Но тут хаос славянского словаря накрывал его с головой.
-- Тогда почему в нем слышится нос? -- спрашивал он, высовывая голову, и все начиналось сначала.
Одним словом, эта небольшая филологическая тупость не ослабляла моего постоянного эллинистического обожания друга.
Должен сказать, что Юра любил драться. В те годы все мы любили драться, но Юра, по естественным причинам, любил в особенности.
Он дрался, защищая собственную честь, или честь греческую, или просто слабых, или честь маляра, довольно часто честь улицы, реже честь класса. А то и просто так, когда стороны добровольно хотели определить свою силу, чтобы потом на генеалогическом древе рыцарства вспрыгнуть на более высокую ветку или уступить свою.

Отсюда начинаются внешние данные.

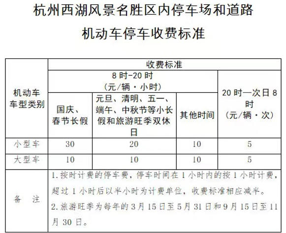 根据杭政办函〔2014〕101号文件规定,西湖风景名胜区政府定价停车场及道路泊位执行春节长假收费标准:
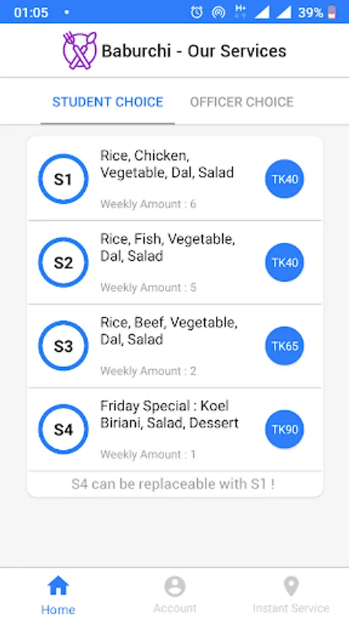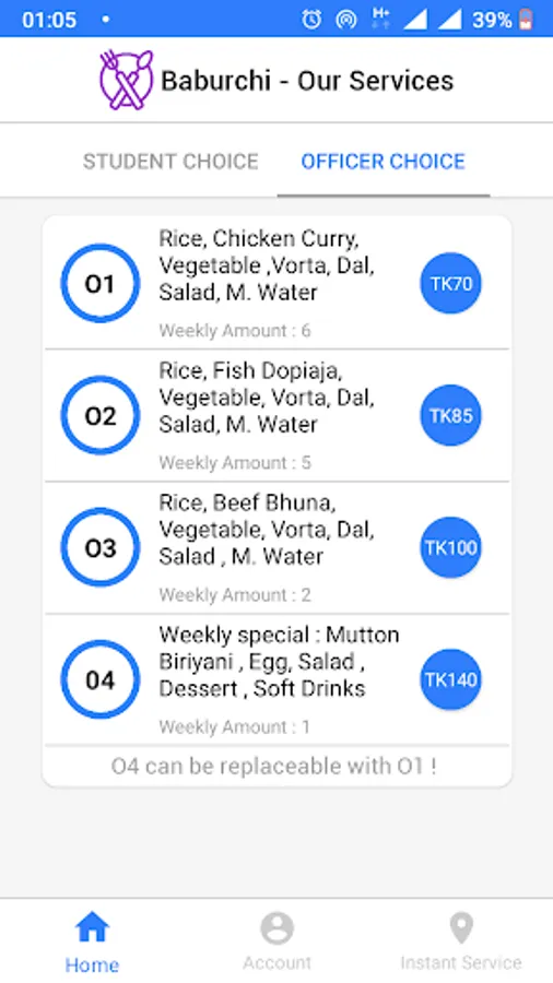 “Officers Choice” is for the employees which has regular pricing & lucrative dish.Customers can register,order,check history & make payment through the Baburchi app. Baburchi app is free for all and doesn’t concern any harmful objects.

-- Хочу с ним подраться, -- бывало, тихо говорит мне Юра, кивнув на какого-нибудь мальчика. Обычно это новичок, появившийся в школе или в окрестностях нашей улицы. А иногда это кто-нибудь из старых знакомых, внезапно выросший или поздоровевший за лето и теперь требующий, даже если он сам этого не хочет, переоценки своих новых возможностей.

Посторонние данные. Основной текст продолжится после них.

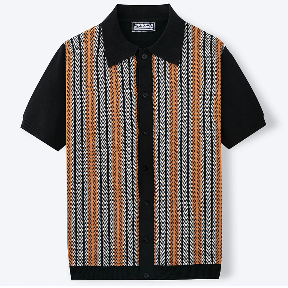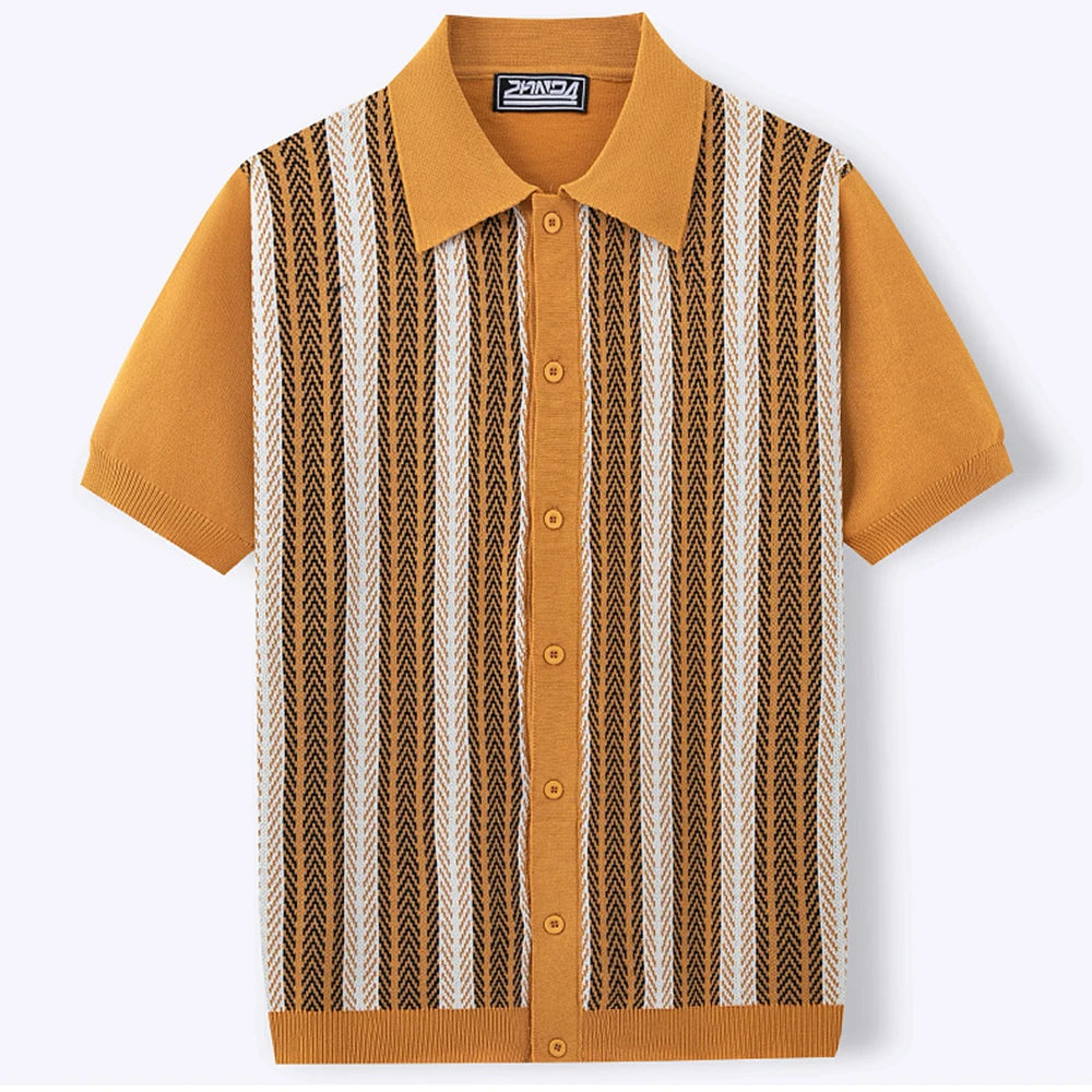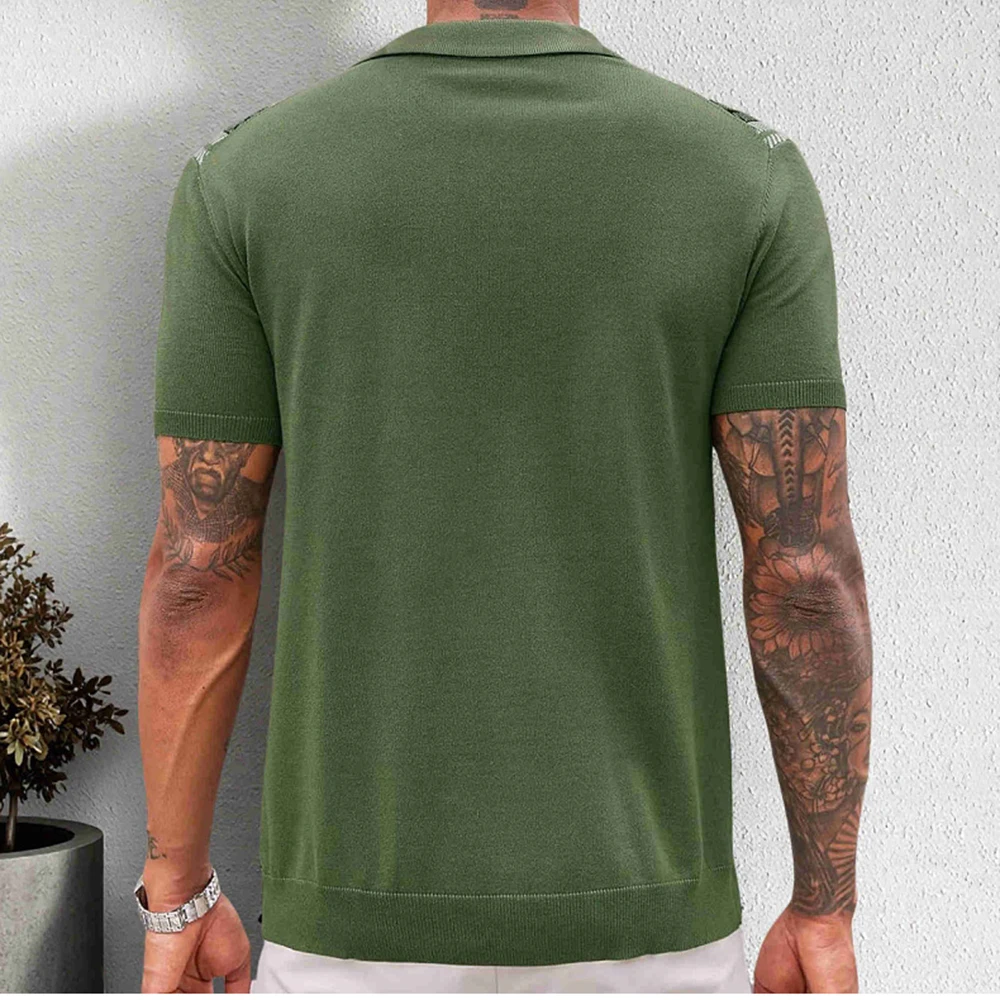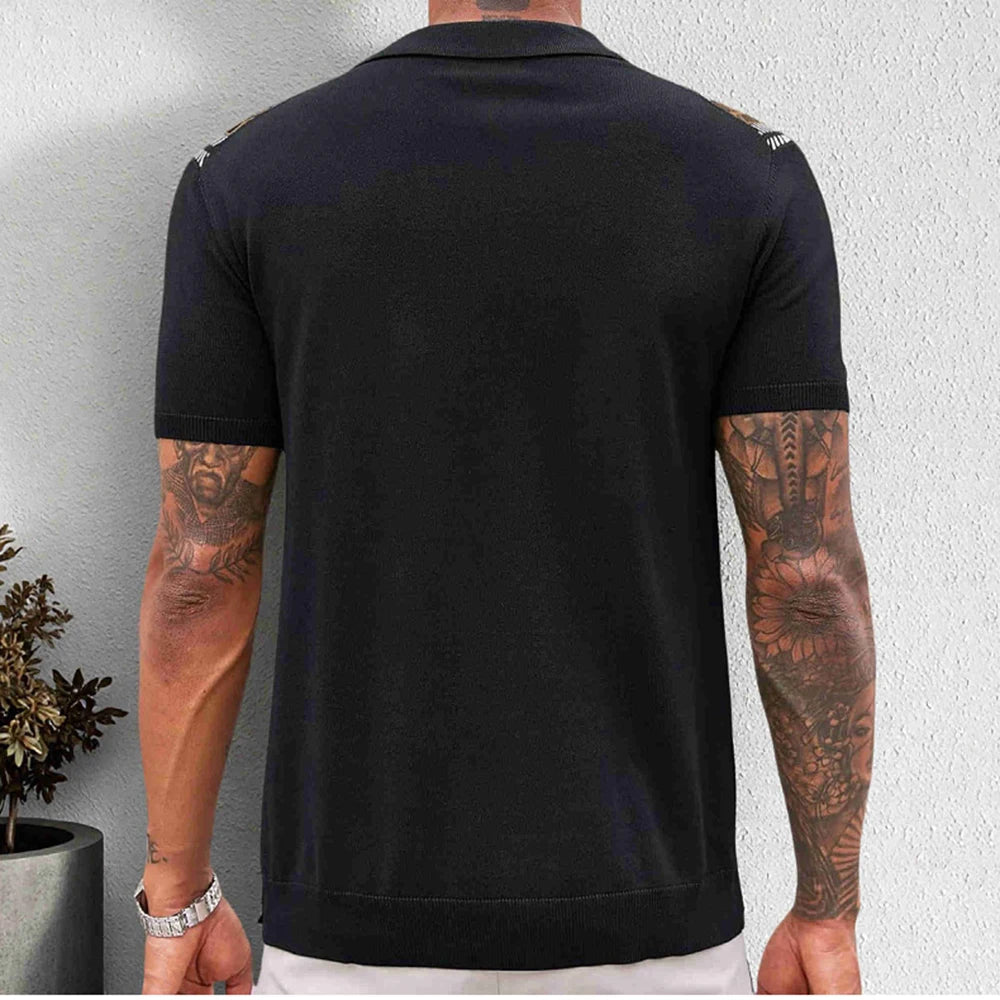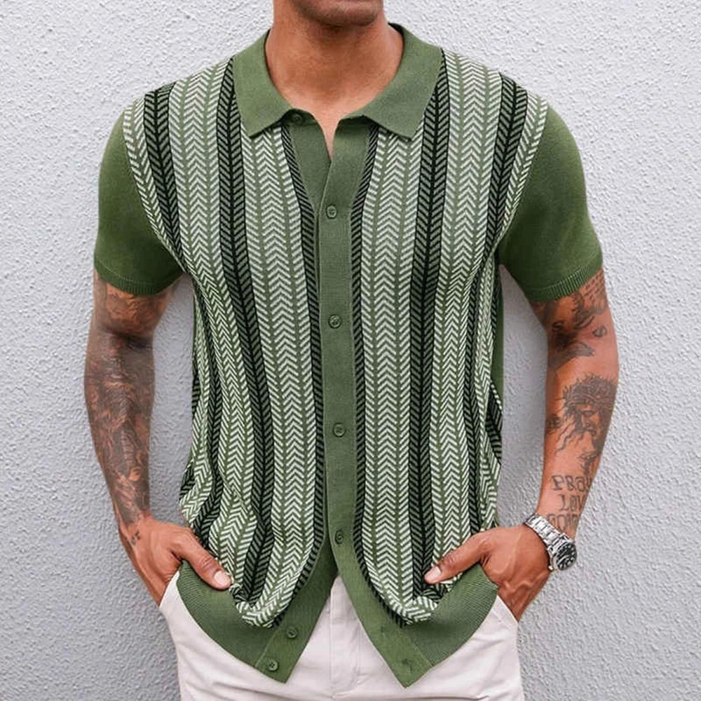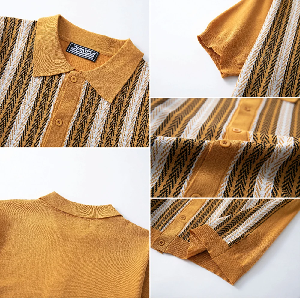 HEARUJOY - Summer Men's Color Matching Striped Jacquard Knitted Short-Sleeved Shirt Casual Fashion Trend Loose Breathable Daily Men's Tops

И вот Юра кивает в его сторону, и столько целомудрия и тайного счастья в его лице, что нельзя им не залюбоваться. Так, вероятно, садовник, обнаружив в саду досрочно налившийся плод, любуется им, осторожно пригнув ветку, или, может быть, так Дон-Жуан издали с многозначительной нежностью смотрел на свою новую возлюбленную.
Обычно мальчик этот рано или поздно догадывался о тайной страсти Юры, в его движениях появлялась некоторая стыдливая скованность, в конце концов переходящая в наглость.
-- Тоже чувствует, -- радостно кивал Юра в его сторону, и глаза его теплели козлиным лукавством маленького сатира.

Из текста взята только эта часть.